[Start of Attachment]

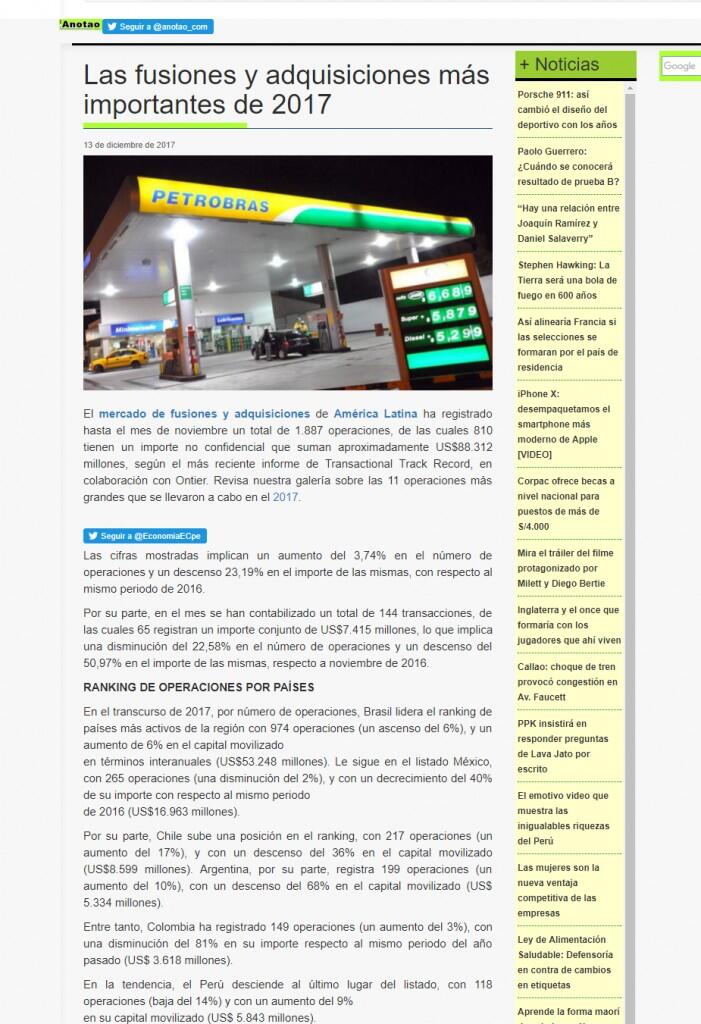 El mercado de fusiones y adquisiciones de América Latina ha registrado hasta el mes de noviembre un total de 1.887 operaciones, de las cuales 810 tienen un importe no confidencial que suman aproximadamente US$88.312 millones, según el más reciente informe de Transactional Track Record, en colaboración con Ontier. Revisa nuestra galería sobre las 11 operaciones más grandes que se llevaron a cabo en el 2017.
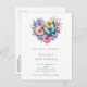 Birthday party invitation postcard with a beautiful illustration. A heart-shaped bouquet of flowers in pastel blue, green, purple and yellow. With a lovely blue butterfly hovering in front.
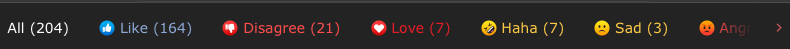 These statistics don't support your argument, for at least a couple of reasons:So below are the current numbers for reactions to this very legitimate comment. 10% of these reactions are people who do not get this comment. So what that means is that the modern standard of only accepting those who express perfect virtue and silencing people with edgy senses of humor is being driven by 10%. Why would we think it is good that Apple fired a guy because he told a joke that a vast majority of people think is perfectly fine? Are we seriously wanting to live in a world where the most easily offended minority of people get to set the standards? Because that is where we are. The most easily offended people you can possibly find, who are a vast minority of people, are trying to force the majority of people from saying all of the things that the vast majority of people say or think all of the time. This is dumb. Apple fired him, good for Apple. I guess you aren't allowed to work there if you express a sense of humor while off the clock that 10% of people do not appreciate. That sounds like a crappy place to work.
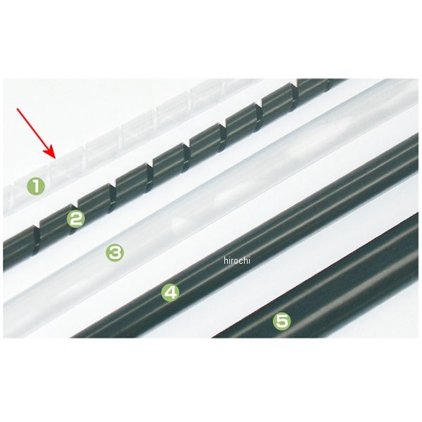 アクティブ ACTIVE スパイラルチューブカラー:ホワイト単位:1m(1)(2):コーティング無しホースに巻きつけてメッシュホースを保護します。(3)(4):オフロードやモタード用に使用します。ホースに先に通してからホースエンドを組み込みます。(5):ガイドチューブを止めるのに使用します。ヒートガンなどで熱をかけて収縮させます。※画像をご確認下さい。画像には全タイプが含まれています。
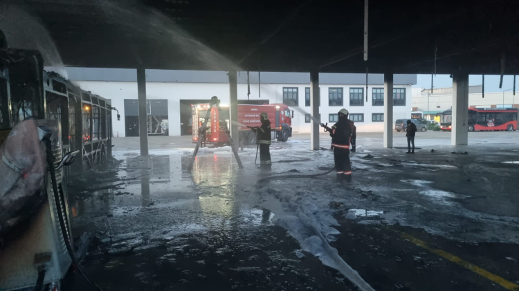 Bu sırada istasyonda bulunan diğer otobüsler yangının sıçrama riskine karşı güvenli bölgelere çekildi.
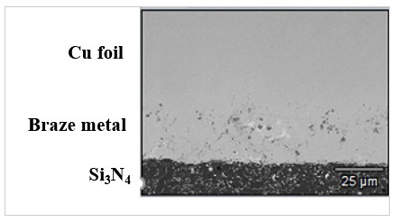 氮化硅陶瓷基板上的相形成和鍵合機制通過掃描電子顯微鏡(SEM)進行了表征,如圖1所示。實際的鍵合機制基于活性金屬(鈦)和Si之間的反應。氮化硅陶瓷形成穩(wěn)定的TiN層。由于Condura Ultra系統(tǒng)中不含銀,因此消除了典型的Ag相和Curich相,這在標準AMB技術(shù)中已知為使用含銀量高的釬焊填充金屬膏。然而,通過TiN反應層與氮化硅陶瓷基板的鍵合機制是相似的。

[End of Attachment]

▶ **Problem to work on**:
Copy all the material above exactly, but skip each image.

▶ **Answer for this exercise**:
 El mercado de fusiones y adquisiciones de América Latina ha registrado hasta el mes de noviembre un total de 1.887 operaciones, de las cuales 810 tienen un importe no confidencial que suman aproximadamente US$88.312 millones, según el más reciente informe de Transactional Track Record, en colaboración con Ontier. Revisa nuestra galería sobre las 11 operaciones más grandes que se llevaron a cabo en el 2017.
 Birthday party invitation postcard with a beautiful illustration. A heart-shaped bouquet of flowers in pastel blue, green, purple and yellow. With a lovely blue butterfly hovering in front.
 These statistics don't support your argument, for at least a couple of reasons:So below are the current numbers for reactions to this very legitimate comment. 10% of these reactions are people who do not get this comment. So what that means is that the modern standard of only accepting those who express perfect virtue and silencing people with edgy senses of humor is being driven by 10%. Why would we think it is good that Apple fired a guy because he told a joke that a vast majority of people think is perfectly fine? Are we seriously wanting to live in a world where the most easily offended minority of people get to set the standards? Because that is where we are. The most easily offended people you can possibly find, who are a vast minority of people, are trying to force the majority of people from saying all of the things that the vast majority of people say or think all of the time. This is dumb. Apple fired him, good for Apple. I guess you aren't allowed to work there if you express a sense of humor while off the clock that 10% of people do not appreciate. That sounds like a crappy place to work.
 アクティブ ACTIVE スパイラルチューブカラー:ホワイト単位:1m(1)(2):コーティング無しホースに巻きつけてメッシュホースを保護します。(3)(4):オフロードやモタード用に使用します。ホースに先に通してからホースエンドを組み込みます。(5):ガイドチューブを止めるのに使用します。ヒートガンなどで熱をかけて収縮させます。※画像をご確認下さい。画像には全タイプが含まれています。
 Bu sırada istasyonda bulunan diğer otobüsler yangının sıçrama riskine karşı güvenli bölgelere çekildi.
 氮化硅陶瓷基板上的相形成和鍵合機制通過掃描電子顯微鏡(SEM)進行了表征,如圖1所示。實際的鍵合機制基于活性金屬(鈦)和Si之間的反應。氮化硅陶瓷形成穩(wěn)定的TiN層。由于Condura Ultra系統(tǒng)中不含銀,因此消除了典型的Ag相和Curich相,這在標準AMB技術(shù)中已知為使用含銀量高的釬焊填充金屬膏。然而,通過TiN反應層與氮化硅陶瓷基板的鍵合機制是相似的。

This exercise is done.